Let us go back to the 2009 general election, where in Ahmednagar district the Republican Party of India (Athawale) candidate, Ramdas Athawale, contested on a ticket given by the Congress-Nationalist Congress Party (NCP) combine. The Congress satrap from Ahmednagar and sugar baron Balasaheb Vikhe Patil campaigned against Mr. Athawale and he lost the Shirdi seat, leaving him bitter and furious. Mr. Patil addressed gatherings in which he asked people not to vote for Mr. Athawale, who, he said, would put all the Marathas behind bars for committing caste atrocities. The strategy seems to have worked as the election ended in an embarrassing defeat for Mr. Athawale, benefitting the Shiv Sena, which emerged victorious. The Marathas had for some time demanded reservation under the Other Backward Class (OBC) category claiming economic backwardness and the government finally agreed to it as an election sop in 2014.

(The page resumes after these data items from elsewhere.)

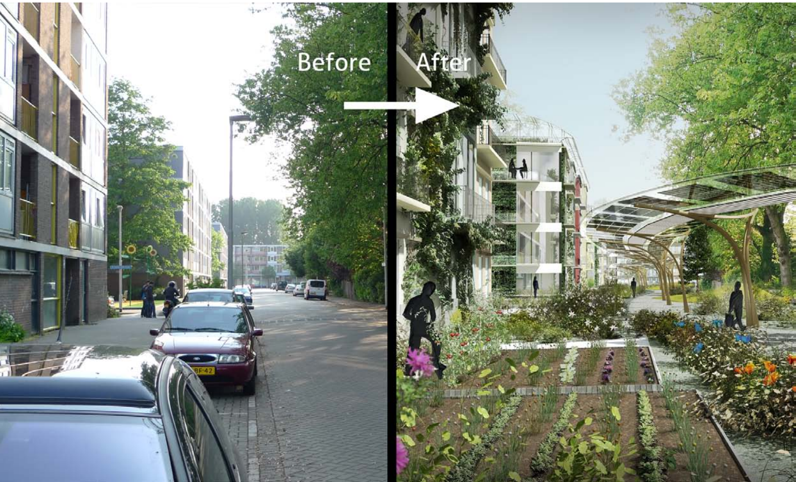
› Example circular urban transformation of social housing in the Netherlands (Except)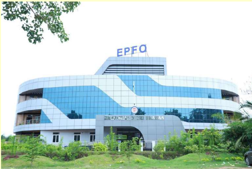
Regional Office Salem

The claimant expressed her appreciation for the assistance provided in properly submitting the claim and for the efforts made by the office for the immediate settlement. She conveyed her gratitude for the support provided, which gave her the strength to navigate through her difficult time.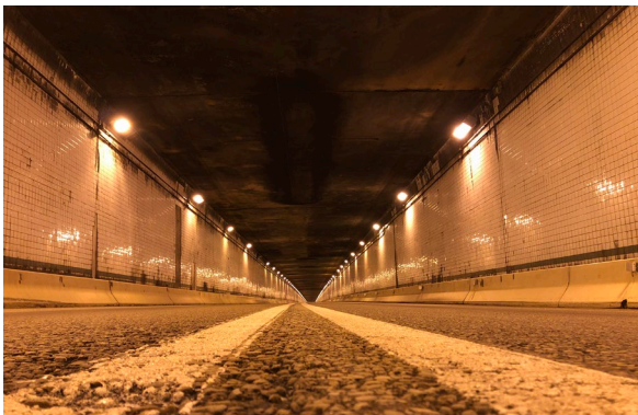
Allegheny Tunnel Somerset County, PA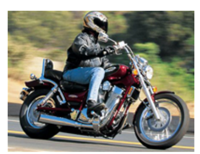
ALL THE GEAR ALL THE TIME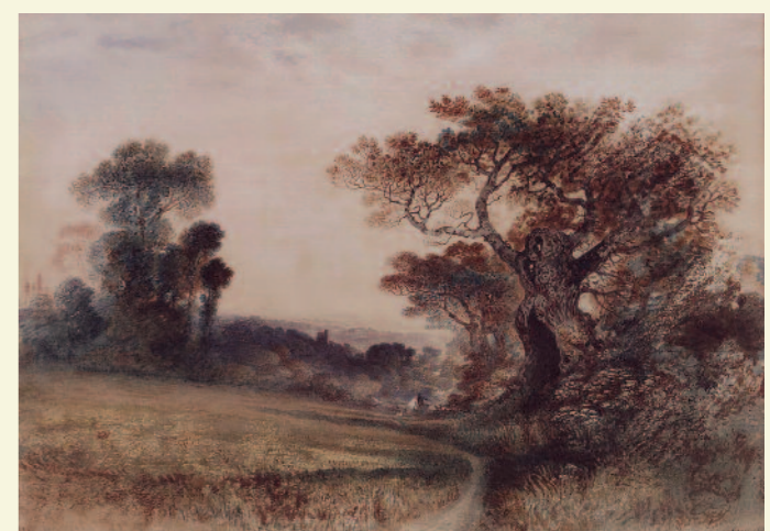
Figures on a stile 1840 John Martin Laing Art Gallery (Tyne and Wear Museums)

The John Martin Heritage Trail was developed as part of a community project in 2004, celebrating the life and work of John Martin. It was officially opened in April 2006. The trail is now funded and managed by Haydon Parish Council. The Council thank The National Trust for their continued help and support in managing the trail through their Allen Banks and Staward Gorge Estates.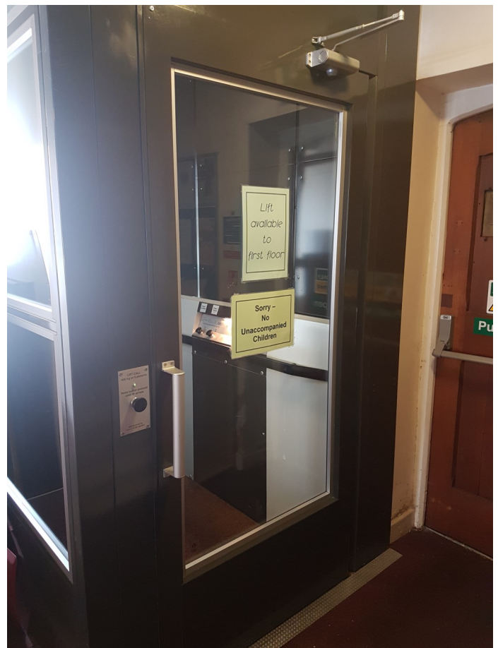
Rear of centre. Lift on lower floor to Mezzanine floor. Also fire exit.

In 2008, the 22nd report of the Maharashtra State Commission for Backward Classes headed by Justice R.M. Bapat had categorically rejected the Maratha demand for reservation. Before this, several commissions had refused to endorse reservations for Marathas saying they were the dominant caste. Justice Bapat had said that unlike the SCs, the Marathas did not suffer from social stigma. However, in July, before the 2014 State Assembly election, the Maharashtra government issued an ordinance granting 16 per cent reservation to Marathas and five per cent reservation to Muslims in government jobs and educational institutions. This move has been challenged in the Bombay High Court. The Marathas and their organisations had also demanded relaxation of the stringent provisions of the Atrocities Act as they felt the community was being unfairly targeted.

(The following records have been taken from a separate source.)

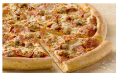
PEPPERONI, SAUSAGE & SIX CHEESE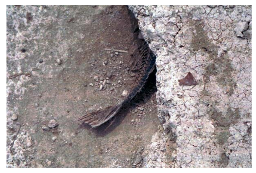
Figure 6. Sailfin catfish in de-watered burrow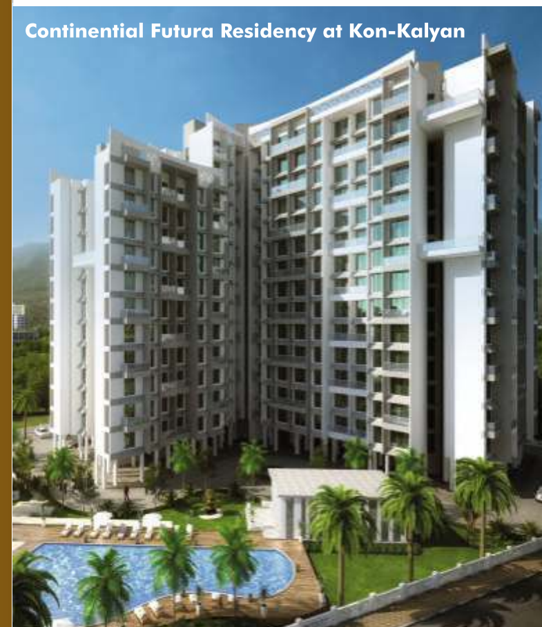
1, 1.5 & 2 BHK SPASIOUS RESIDENCES OF 4 MAGNIFICENT TOWERS

Maharera Registration No. P51700015939 ( https://maharera.mahaonline.gov.in ) Project Approved by MMRDA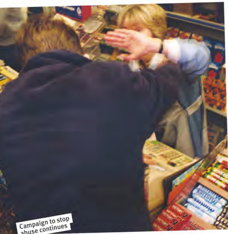
Campaign to stop abuse continues

Worrying rise in crime figures vindicates Usdaw's Freedom From Fear drive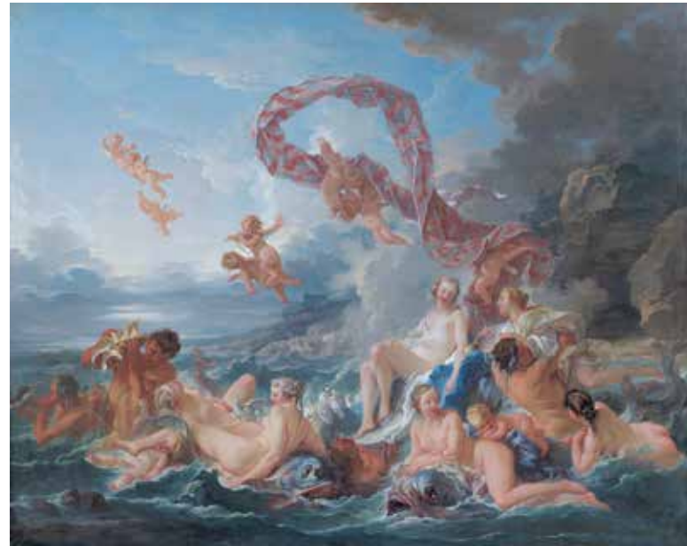
François Boucher The Triumph of Venus , 1740, oil on canvas, 51 x 64 inches Collection Nationalmuseum Sweden, Stockholm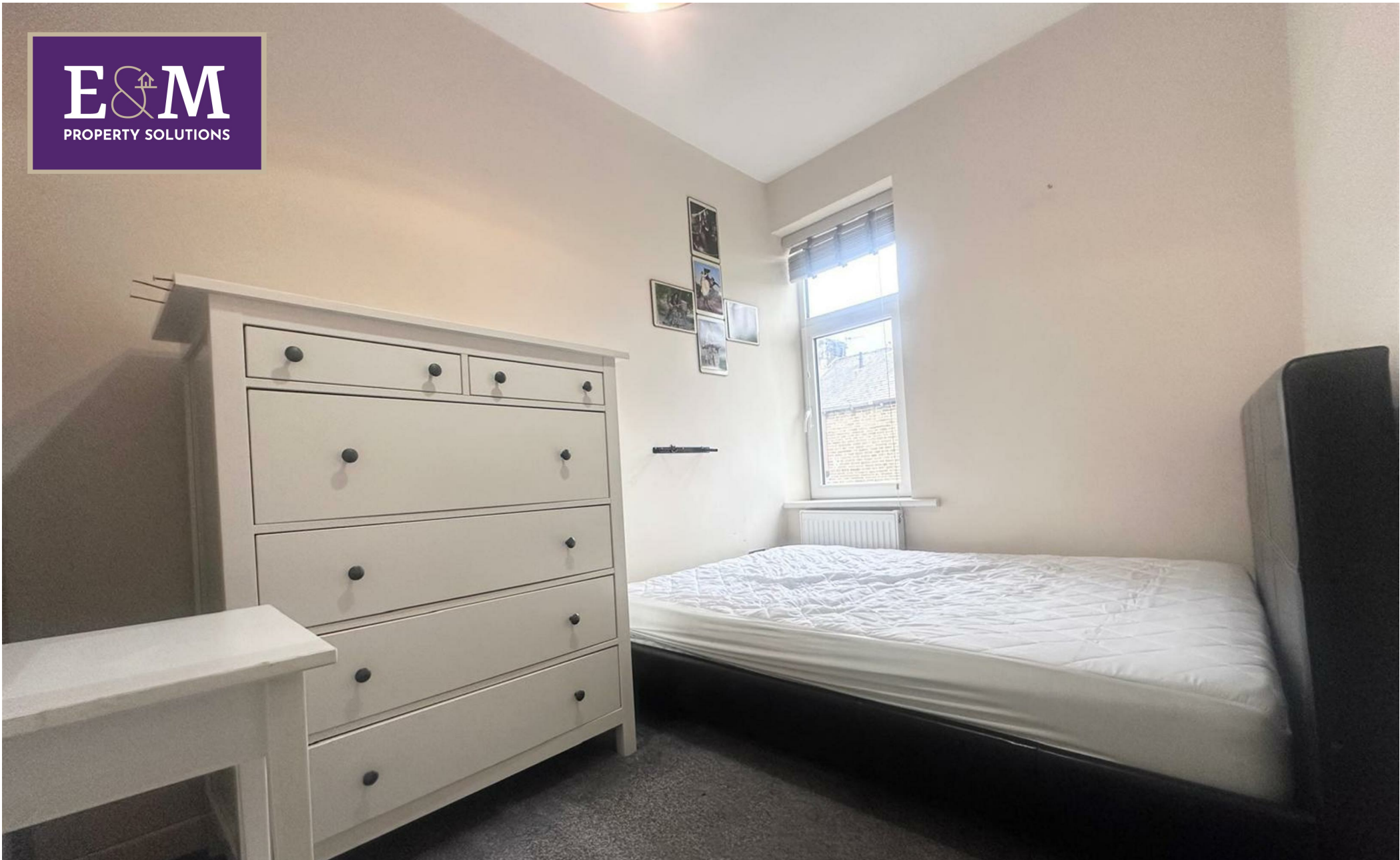
ROOM 2, 8 Hinton Street, Burnley, Lancashire, BB10 4EB £90 Per week

The strong cooperative movement, especially in western Maharashtra, has ensured that the Marathas, who dominated the Congress party and later the NCP, controlled most of the local-level organisations. A solid base involving local bodies, sugar or milk cooperatives and more lately, land grabbing activities and the thriving construction business, has ensured that they are well-entrenched. There is a culture of impunity, not only confined to crimes against the SCs but women and weaker sections too. The newly announced reservation has further empowered the Marathas and though affirmative action policies for the SCs are in place, they continue to be at the receiving end.
Spike in caste-related crimes
While it is true that the situation in Maharashtra, with a total of 1,678 cases of crimes against SCs in 2013, is not as worrisome as States such as Bihar, which reported 5,584 cases accounting for 39.9 per cent of the total cases of caste-related crimes in the country, it is nevertheless of concern that there has been an upward spike in caste-related crimes as a whole. The National Crime Records Bureau (NCRB) reports a total of 13,975 cases under the Atrocities Act as compared to 12,576 in the year 2012, an increase of 11.1 per cent. As per NCRB data, conviction rates for caste-related crimes is low — the average conviction rate for crimes against SCs and Scheduled Tribes stood at 23.8 per cent and 16.4 per cent respectively as compared to the overall conviction rate of 40.2 per cent relating to IPC cases.
Members of the SCs continue to suffer from social stigma and anything could provoke violence against them — it could be a simple demand for water supply, or a visit to a hotel or even falling in love. Given these concerns, government reservation for the better off classes and castes is only likely to encourage the existing culture of impunity surrounding crimes perpetrated against the marginalised.